Problems... everyone has them. The question is, how do we manage them? From an ITIL perspective, a problem is the cause or causes of one or more incidents and the purpose of Problem Management is to manage the lifecycle of problems. Well, that's what the book says. Like most things in ITIL, however, this is a general statement about the framework. To effectively perform Problem Management an organization has to make some decisions and implement some actual processes. Here are a few suggestions on how to get started:
To Do
Define the primary objective of the Problem Management process
In reality, you and your organization need to figure out what you want out of a Problem Management process. Check a box on your ISO certification audit? Communicate the causes of failures to stakeholders? Track known errors and workarounds? Reduce the number and/or impact of incidents? All of these are valid objectives, but they also will result in slightly or severely different processes. My favorite objective for Problem Management is "eliminate high severity incidents". Short and straightforward, and focuses the process on eliminating critical impacts to the business and customers. If your primary objective, however, is to generate documents of perfect prose thicker than train smoke that can be spoon-fed to senior leadership, that is also a perfectly valid objective... but it requires a completely different process than the one that focuses on actual remediation. Sure, you can have multiple objectives, but start with the primary objective. Design that process, then look at that process to see what changes would be required to achieve other objectives and evaluate those costs. So, pick your primary objective. Go ahead, I'll wait. Here are some suggestions to consider:
- Eliminate high impact incidents
- Communicate the causes of failures to stakeholders
- Comply with certification, legal, regulatory, or audit requirements
- Improve service levels
- Reduce outage times
Define the basic scope of the process
Unless you are dealing with unlimited resources, you can't conduct problem management for every incident. Additionally, whoever is executing the process needs defined inputs. You and your organization will need to decide where you are going to focus your limited resources to achieve the maximum results towards your primary objective. Of course, the primary objective will go a long way towards defining your scope. If your primary objective is to "eliminate high severity incidents", then "all severity 1 and severity 2 incidents" is a good start for a scope. If your primary objective is to communicate the causes of failures to stakeholders, then maybe "severity 1 incidents impacting the following services..." is the scope for you. My point is, the scope needs to be defined in a way that is concrete. I'm not saying you can't ever perform ad-hoc problem management on something that doesn't fit the primary scope. That is not only acceptable, it is encouraged (it means the problem process is effective and people want to use it)! I am saying that if you don't know the basic scope, it becomes very hard to estimate volume. By looking at the goal, the scope, the volume, and the resources available you will have a very good idea of what the actual process needs to look like. Your basic scope should be concrete enough that it can be turned into a query of your service management system. Some suggestions (pick one or more, they stack):
- All severity 1 and severity 2 incidents
- Recurring incidents. A note here: be prepared to define "recurring". Does that mean "3 incidents of any severity with the same resolution code against the same Configuration Item (CI) within 30 days" or "10 incidents of any severity with the same taxonomy against any CIs within 30 days". There are lots of options, but again it needs to be defined well enough to generate a query to the service management tool.

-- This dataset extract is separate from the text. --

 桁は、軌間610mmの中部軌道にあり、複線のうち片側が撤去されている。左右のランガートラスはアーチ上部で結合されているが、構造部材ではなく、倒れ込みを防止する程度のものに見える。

- Incidents of interest to stakeholders (defined by CIs, services, locations, etc.)
- Incidents impacting CIs in scope of certain regulations or audits (Payment Card Industry, regulated manufacturing, etc.)

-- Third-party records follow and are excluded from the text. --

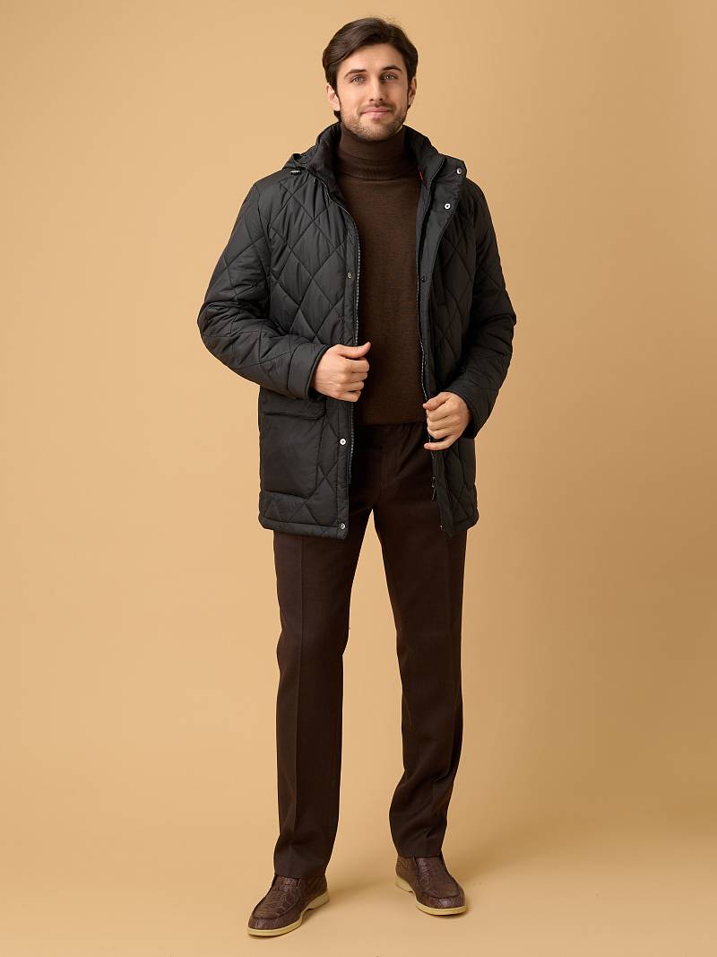 Представляем практичную и стильную куртку, сочетающую надёжную теплоизоляцию, продуманную эргономику и современный дизайн. Модель рассчитана на прохладную осень, обеспечивает защиту от ветра и умеренных холодов. Ромбовидная стежка удерживает равномерное распределение утеплителя. Воротник - стойка плотно облегает шею и защищает от ветра. Водоотталкивающая плащевая ткань и интегрированный в воротник капюшон на кулиске защитят от дождя. Куртка застегивается на центральную молнию с двумя фирменными брендированными бегунками и ветрозащитную планку на кнопках. Два крупных многофункциональных накладных кармана с боковым входом на магнитной кнопке и верхним входом с клапаном на двух кнопках. Дополнительный нагрудный вертикальный карман-листочка на молнии обеспечит надежное хранение важных мелочей. Удлиненный силуэт позволяет надевать куртку на пиджак, либо классический костюм, которые вы можете выбрать из представленного ассортимента нашего магазина. Внутри куртка оформлена подкладкой с двумя карманами на молнии и контрастным кантом, а расположенная на уровне талии регулируемая кулиска обеспечивает дополнительную защиту от ветра. Дизайнеры марки BAZIONI тщательно выбирают и используют ткани и прикладные материалы только от передовых производителей. Завершат Ваш стильный образ трикотаж и актуальные брюки из нашей осенне-зимней коллекции, широко представленной в магазине.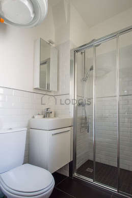 Este apartamento é equipado de uma casa de banho agradável é clara with janelas. Esta sala de água dispõe do necessário pelo seu bem estar na sua vida quotidiana : toalhas de banho, armário, ducheiro separado, sink, radiator secador de toalhas. Os WC são integrados na casa de banho.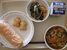 今日の給食のメニューは、「ミニパインパン 牛乳 いかナゲット 海藻サラダ カレーうどん」でした。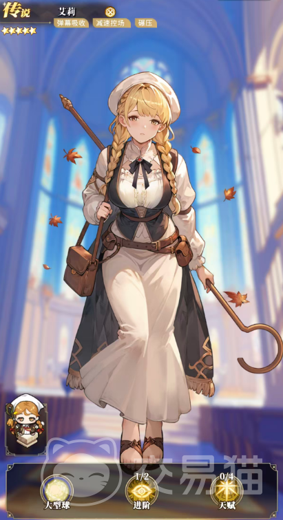 艾莉:稀缺型弹幕吸收 减速控场角色。每次命中敌人施加减速效果,并可主动吸收敌方飞行弹幕。进阶后弹球伤害提升30%,自身耐久同步增强;每吸收一次弹幕,伤害提升10%,最多叠加10层;随着“羊绒”直径扩大,除减速外,还会为目标附加20%易伤状态,形成稳定控场与增伤循环。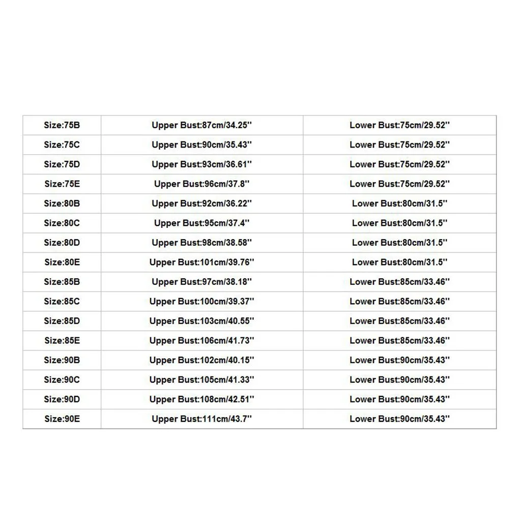 Размер Верхний бюст Ниже бюста 75B 87 см/34,25'' 75 см/29,52'' 75C 90 см/35,43'' 75 см/29,52'' 75D 93 см/36,61'' 75 см/29,52'' 75E 96 см/37,8'' 75 см/29,52'' 80B 92 см/36,22'' 80 см/31,5'' 80C 95 см/37,4'' 80 см/31,5'' 80D 98 см/38,58'' 80 см/31,5'' 80E 101 см/39,76'' 80 см/31,5'' 85B 97 см/38,18'' 85 см/33,46'' 85C 100 см/39,37'' 85 см/33,46'' 85D 103 см/40,55'' 85 см/33,46'' 85E 106 см/41,73'' 85 см/33,46'' 90B 102 см/40,15'' 90 см/35,43'' 90C 105 см/41,33'' 90 см/35,43'' 90D 108 см/42,51'' 90 см/35,43'' 90E 111 см/43,7'' 90 см/35,43''

Define the borders of the process
While technically part of the scope, the borders of your process need to be considered separate from the basic scope. What teams, organizations, vendors, suppliers, and customers will participate in your Problem Management process? Does your process stop at the edge of CIOs organization? Or does it stop at the edge of the company? Or will your vendors and customers be directly or indirectly involved? This is important to identify because, like the primary objective and the basic scope, it will greatly influence the volume and therefore the process itself. It will also define who needs to be involved in supporting the process, they will need to understand the objectives. Some suggestions:
- Only the IT teams will directly support the Problem Process. Root or contributing causes identified beyond the IT organization may be noted (possibly as Known Errors), but the problem handlers and problem managers will not drive them to remediation.
- The entire company will support the Problem Process, including non-IT organizations (manufacturing, customer service, regulatory compliance, etc.). The root cause of many incidents lie beyond technology and technology processes, maybe they can be found in the way users (internal or external) are using the technology... or in the processes that support those teams.

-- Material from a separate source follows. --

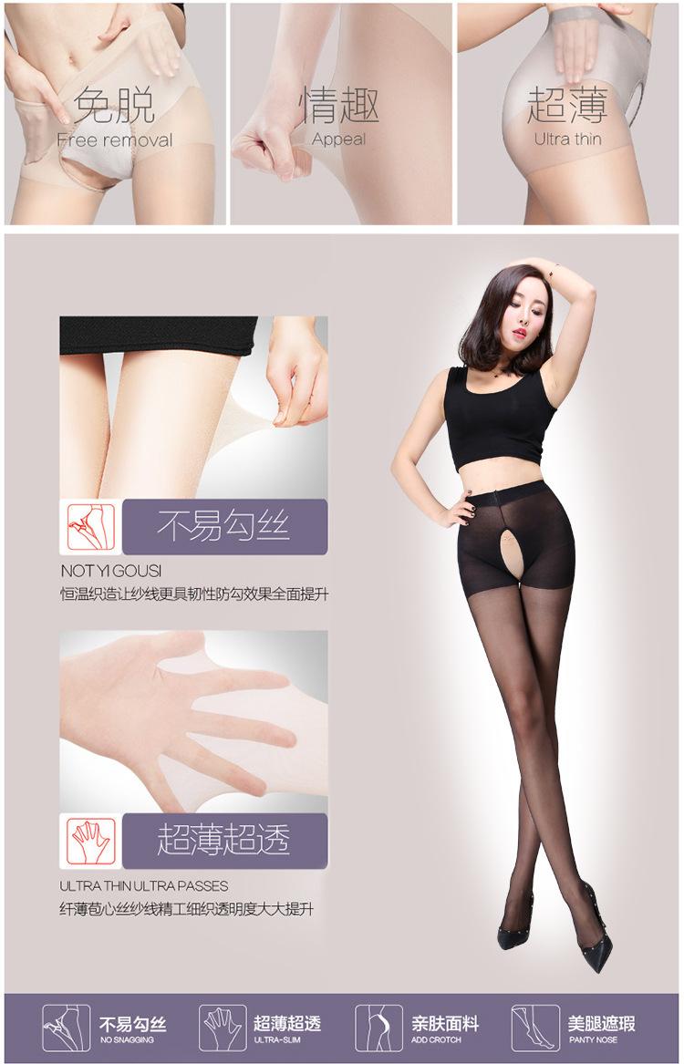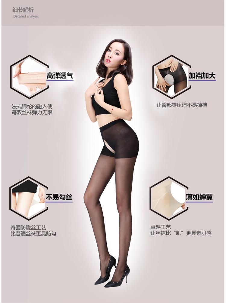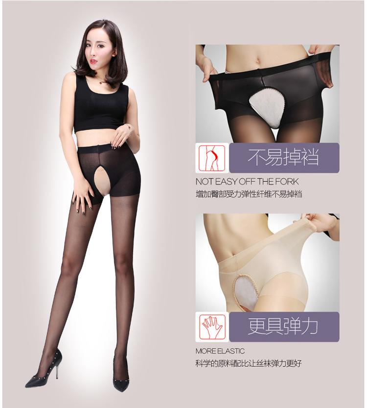 Medias de seda sexys de verano con entrepierna abierta, uniformes, largas y finas, de seda negra.

- Define how external organizations will participate in the process. Will technology teams manage root cause analysis from vendors, or will vendor management? Will customer service organizations manage the identification and remediation of causes that reside with customers?
There are terrible people who, instead of solving a problem, bungle it and make it more difficult for all who come after. Whoever can't hit the nail on the head should, please, not hit at all.
Do not
Please do not allow the problem process to become punitive
I can't say why this happens, but it does frequently. Many organizations allow Problem Management to become a cudgel wielded by one organization against another. The customer is disappointed by an outage, or the technical team is disappointed by a technology failure. In reality the impact was minimal, but the frustration and disappointment trigger a manhunt worthy of The Fugitive. I'm not suggesting complaints that don't fit the basic scope should be dismissed, I'm just saying that those complaints should be critically evaluated to determine if the Problem Process is going to add value to addressing them. If the impact to the organization was minimal, and there is no evidence that it is a recurring situation, you have to question if spending 40 effort hours on Problem Management and remediation is worth it, or if the requestor is just seeking a publicly documented mea culpa.
Skimp on governance... who can authorize ad-hoc problem management and who can authorize problems for closure
Along with managing the ad-hoc problem workload, a person or team needs to be designated to review problems that are proposed for closure. Has the goal been accomplished? Does the identified root cause logically match the circumstances of the incident? Do the proposed remediations address the root cause and contributing causes? Individual problem handlers may not always have the visibility to make these determinations. Sure, the network team can identify why a switch failed, but they can't really address how the raccoon got in there. My point is governance. The process needs that.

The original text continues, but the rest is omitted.